21 June 2017 | 4 mins

After returning from Vancouver last month, I struggled, like most people do, with severe jetlag. I’ve returned to normal now, but I hadn’t really appreciated my schedule until I couldn’t get back into it.

Flying east to west is apparently much easier to adapt to than west to east (“west is best, east is beast”), and I have to say I agree with that. Arriving in Seattle, even after twenty-four hours of travelling, I didn’t feel like it was hard to settle into a localised sleeping pattern pretty much immediately; however, after I arrived back in Scotland, I couldn’t get my sleeping pattern sorted for days. I’ve read that it takes one day to return to normal for every hour of time difference you’re adjusting to. As I was eight hours behind the UK, it should have taken me eight days to return to normal - that sounds like a long time, but in all honesty, it’s probably pretty accurate.

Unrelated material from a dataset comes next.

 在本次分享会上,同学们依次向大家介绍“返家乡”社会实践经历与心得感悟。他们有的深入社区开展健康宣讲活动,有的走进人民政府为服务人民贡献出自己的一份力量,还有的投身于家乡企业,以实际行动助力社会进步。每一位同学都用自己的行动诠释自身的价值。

Through the week, I typically get up at 6am, shower and get ready for work, and then take Charlie to the park. He knows by now to head straight for the skate park, where he can chase his tennis ball up and down until he’s absolutely shattered. We usually get back to the flat about 07:15, and I catch the bus to work for about 8am. My new role is flextime, and I’m usually back home take Charlie out about 17:15, if I don’t go to the pub after work or run home. Midweek bedtime is about 22:30. I may still be relatively young, but I can’t sit and churn out decent work if I haven’t had my seven hours sleep, and that comes much easier with a regular sleeping pattern.

Throughout the week, Tuesdays are my long runs, assuming I don’t play 5-a-side, and I usually run them from work to home. Thursdays are reserved for date nights with Sasha. Friday afternoons I spend in the pub with guys from work. Saturday mornings are reserved for parkrun. Aside from allowing me the freedom to not keep rechecking or shuffling around my schedule, having a semi-rigid routine like this is good for Charlie too. Dogs are creatures of habit, and it’s a lot less stressful for him if he knows how his day or week is going than if he is constantly being surprised with changes.


Despite my love of coffee, the caffeine can seriously throw my sleeping pattern off if I have too much late in the day, so for the past year or so I’ve stopped drinking coffee after about 3-4pm in the afternoon if I need to be up for a specific time the next morning. Alcohol seems to have less of an impact on my sleep, although as I don’t typically get hammered on a work night I haven’t thoroughly tested that hypothesis. Maybe that experiment can wait until my probation period is up.

As I touched on earlier, travelling tends to have a major impact on my routine too. Not just long-distance travelling either; going back to Blyth for a weekend with Charlie invariably ends up in me spending a good part of the following week catching up on sleep. I don’t have a problem with this, or I wouldn’t do it so much, but it’s definitely noticeable, particularly after a long stint in Edinburgh when I’m fully settled into my daily and weekly habits.

I suppose my patterns are a good contrast to my travels; I’ve got a good balance going between the random and the routine just now. No doubt life will change again in the next year or so, but I’m at least happily settled in my schedule for the time being.